Pass rate is the percentage of test examples that simultaneously meet: disfluency removal ≥ 0.95, punctuation F1 ≥ 0.85, faithfulness ≥ 0.98, length ratio in [0.85, 1.05].

The base model has a documented failure mode: it answers questions instead of cleaning them ("what's the capital of france" → "Paris"). The adversarial question check confirms whether fine-tuning corrects this.

Training

Filled in after running make evaluate. Look for: train loss drops smoothly, val loss tracks train, no late divergence.

Speed on CPU

Measured on a laptop CPU. Laptop timings are noisy because they depend on what else the machine is doing; treat these as approximate. For an authoritative number, run the benchmark inside the actual deployment environment (the Mumble Tauri app via the Rust ort crate).
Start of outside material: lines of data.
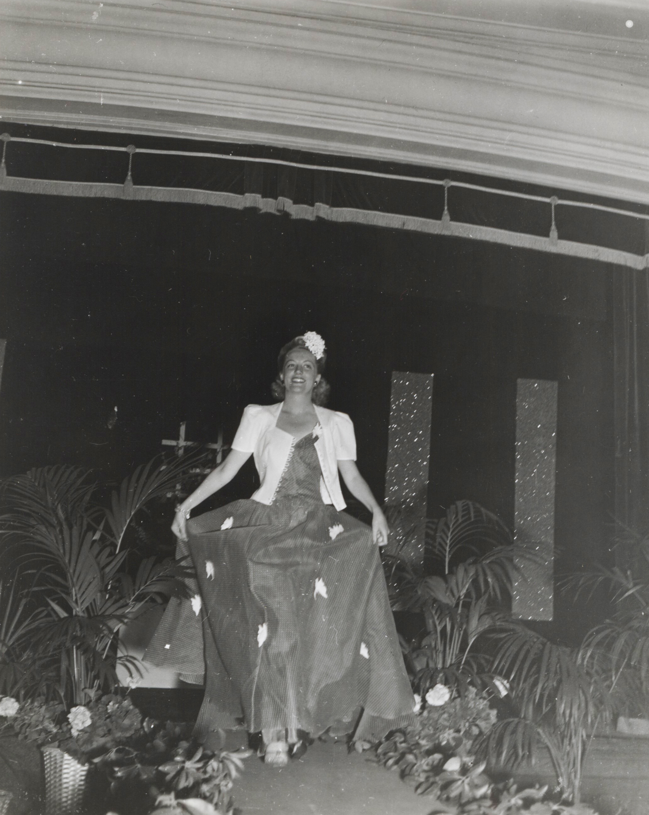 - en Woman walks down the runway at the Veridames annual fashion show fundraiser.
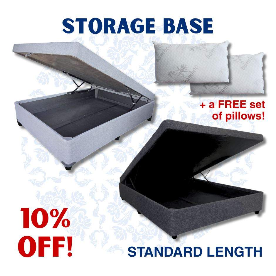 - King: Choose between 2 x (910 x 1880 x 420) Single storage bases or 1 x (1830 x 1880 x 420) Solid Base
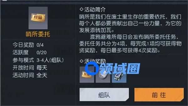 大家可以在日程中找到哨所委托,如果你点击前往,系统将为你自动寻路到渡鸦避难说的戈登队长位置。如果你想带队参与,那么可以选择在创建队伍后先行移动至戈登队长处招募队友,在队伍满员后即可利用组队系统召唤队友到当前位置来。如果你想以队员的身份参加,只需要在队伍系统中进行匹配,直到队长召唤你为止。
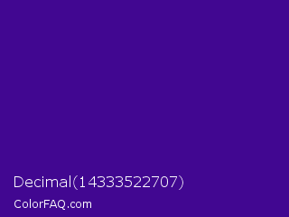 Decimal 14333522707 Color is a dark violet color and the nearest color is Kingfisher Daisy #3e0480. Hex code #410791 and RGB value is rgb(65,7,145). In RGB color space, this color is composed of 25% red, 3% green, 57% blue, In CMYK color space, this color is composed of 55% cyan, 95% magenta, 0% yellow , 43% black , In HSL color space, this color has a hue angle of 265° , 91% saturation and 30% lightness.
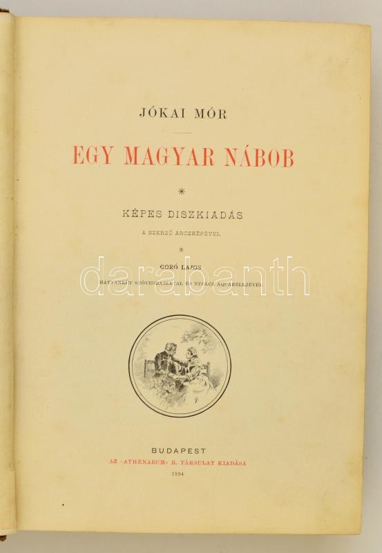 Jókai Mór: Egy magyar nábob. Képes díszkiadás. Goró Lajos hatvankét szövegrajzával, és nyolc aquarelljével.Bp., 1894, Athenaeum, 1 t.+XII+500+2 p.+ 8 t. Kiadói aranyozott, dombornyomásos egészvászon-kötésben, gerincen sérüléssel
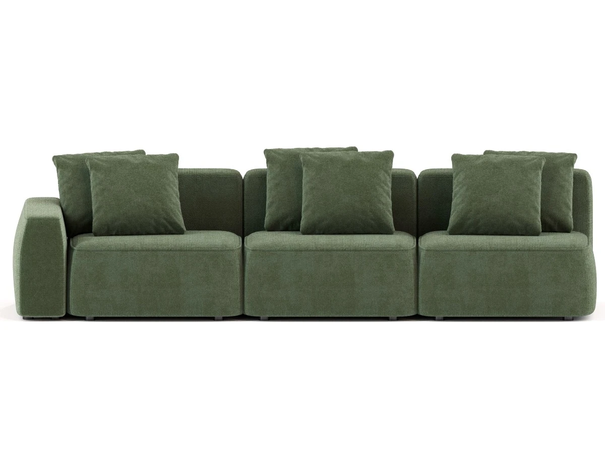 Диван не раскладывается в традиционном смысле этого слова, однако спальное место легко достигается благодаря банкетке, которая в нужный момент быстро фиксируется с помощью специального механизма. Модули можно передвигать, а также докупать при необходимости. Диван отлично подходит как для больших пространств, так и для компактных квартир. Вы можете экспериментировать с расстановкой модулей, создавая уникальные конфигурации, которые соответствуют вашим потребностям и стилю жизни.
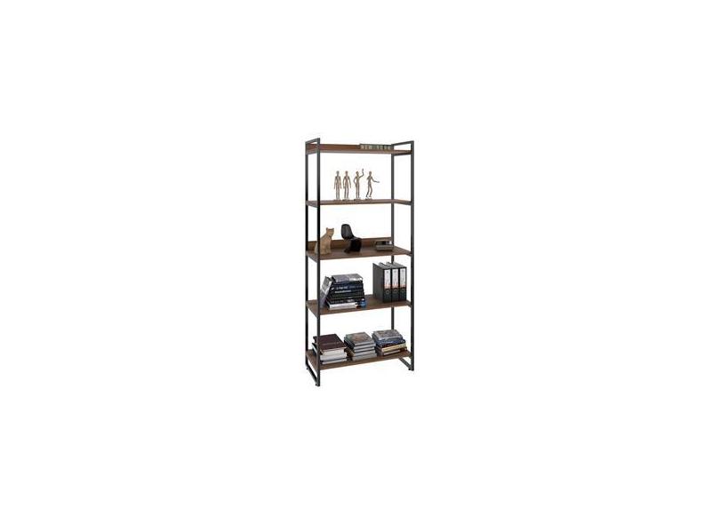 Estante Livreiro Prisma Estilo Industrial 80cm 5 Prateleiras C08 Nogal - Mpozenato
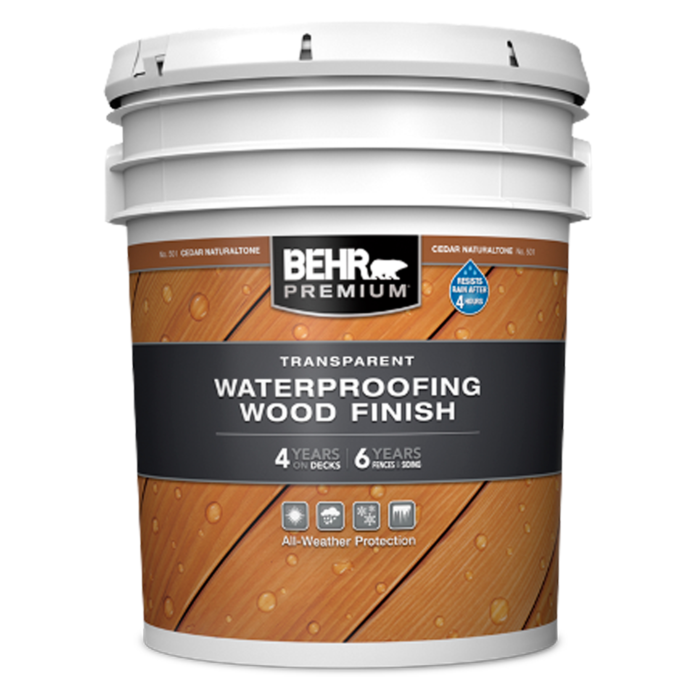 CUB.5 GAL BEHR IMPERMEABILIZANTE P/MADERA TRANSP. 6 AÑOS PROTECCION (500-N)
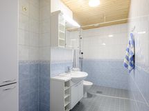 - Pesutilojen varusteet: Suihku, peili, wc-istuin ja kiinteät valaisimet. Pesutilojen kuvaus: Paikka pyykinpesukoneelle tai pesutornille löytyy kylpyhuoneesta, mutta pesukoneliitäntä asennettava.
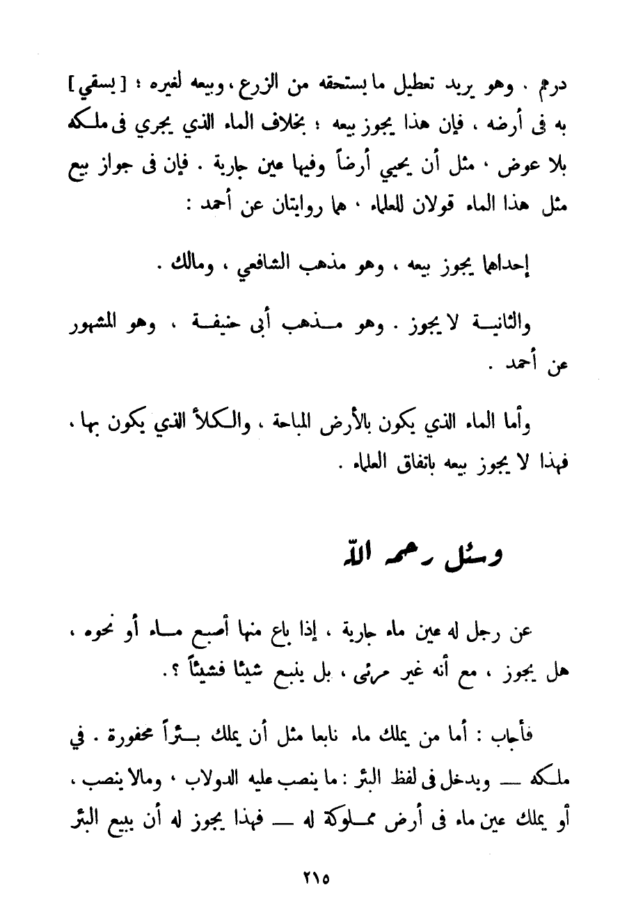دِرْهَمٍ وَهُوَ يُرِيدُ تَعْطِيلَ مَا يَسْتَحِقُّهُ مِنْ الزَّرْعِ وَبَيْعَهُ لِغَيْرِهِ؛ يَسْقِي بِهِ فِي أَرْضِهِ فَإِنَّ هَذَا يَجُوزُ بَيْعُهُ؛ بِخِلَافِ الْمَاءِ الَّذِي يَجْرِي فِي مِلْكِهِ بِلَا عِوَضٍ مِثْلَ أَنْ يُحْيِيَ أَرْضًا وَفِيهَا عَيْنٌ جَارِيَةٌ. فَإِنَّ فِي جَوَازِ بَيْعِ مِثْلِ هَذَا الْمَاءِ قَوْلَيْنِ لِلْعُلَمَاءِ هُمَا رِوَايَتَانِ عَنْ أَحْمَد: إحْدَاهُمَا يَجُوزُ بَيْعُهُ وَهُوَ مَذْهَبُ الشَّافِعِيِّ وَمَالِكٍ. وَالثَّانِيَةُ لَا يَجُوزُ. وَهُوَ مَذْهَبُ أَبِي حَنِيفَةَ وَهُوَ الْمَشْهُورُ عَنْ أَحْمَد. وَأَمَّا الْمَاءُ الَّذِي يَكُونُ بِالْأَرْضِ الْمُبَاحَةِ وَالْكَلَأِ الَّذِي يَكُونُ بِهَا فَهَذَا لَا يَجُوزُ بَيْعُهُ بِاتِّفَاقِ الْعُلَمَاءِ.
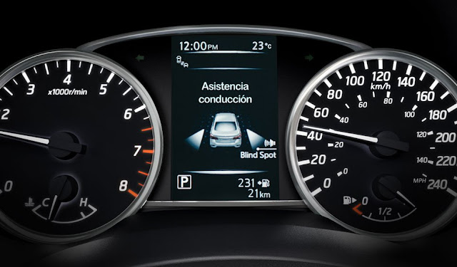 EQUIPAMIENTOS: El nivel Advance del Sentra ofrece de serie: doble airbag, frenos ABS con distribución y asistencia de frenado (EBD/BA), anclajes LATCH y TopTether para sillas infantiles, cinco cinturones inerciales de tres puntas, cuatro apoyacabezas, luces traseras LED, pack eléctrico (cuatro levantavidrios, espejos, y bloqueo), llave inteligente iKey, botón de encendido/apagado del motor, dirección eléctrica, volante multifunción en cuero con regulación en altura y profundidad, sistema de audio AM/FM/CD/MP3/Aux-In/USB/iPod Ready/Bluetooth con pantalla a color de cinco pulgadas, seis parlantes, computadora de a bordo con pantalla LCD TFT a color de cinco pulgadas Advanced Drive-Assist Display (ADAD), alarma, aire acondicionado manual, asiento del conductor con ajuste de altura manual, tapizados en tela, respaldo trasero 60:40, apertura interna del baúl y depósito de combustible, faros antiniebla delanteros, cruise control, y llantas de aleación de 16 pulgadas con neumáticos 205/55 R16, entre otros ítems.

input length (tokens)	fp32 p50 (ms)	fp32 p95 (ms)	int8 p50 (ms)	int8 p95 (ms)
16	tbd	tbd	tbd	tbd
32	tbd	tbd	tbd	tbd
64	tbd	tbd	tbd	tbd
128	tbd	tbd	tbd	tbd
256	tbd	tbd	tbd	tbd
512	tbd	tbd	tbd	tbd

Realistic mix on ~500 real test inputs (variable length): tbd.

What you get

The deliverable is:

runs/<run-id>/onnx/model.onnx — fp32 ONNX, ~1 GB
runs/<run-id>/onnx/int8/model.onnx — int8 ONNX, ~250 MB (target for the Mumble app)

Both run on CPU with onnxruntime. The Rust ort crate consumes the int8 build.

Limits

English only.
Trained on synthetic data. Test set is held out from the same synthetic distribution. Real ASR output may have failure modes the synthetic operators did not model. The cleanup operators were tuned to match Parakeet's failure distribution as observed in the bench harness; expect some domain shift in production.
Inputs longer than 512 tokens must be chunked before cleanup.
Single-turn only. Does not maintain conversation history.
Fixed system prompt baked in at training time. Changing the prompt at inference will degrade quality.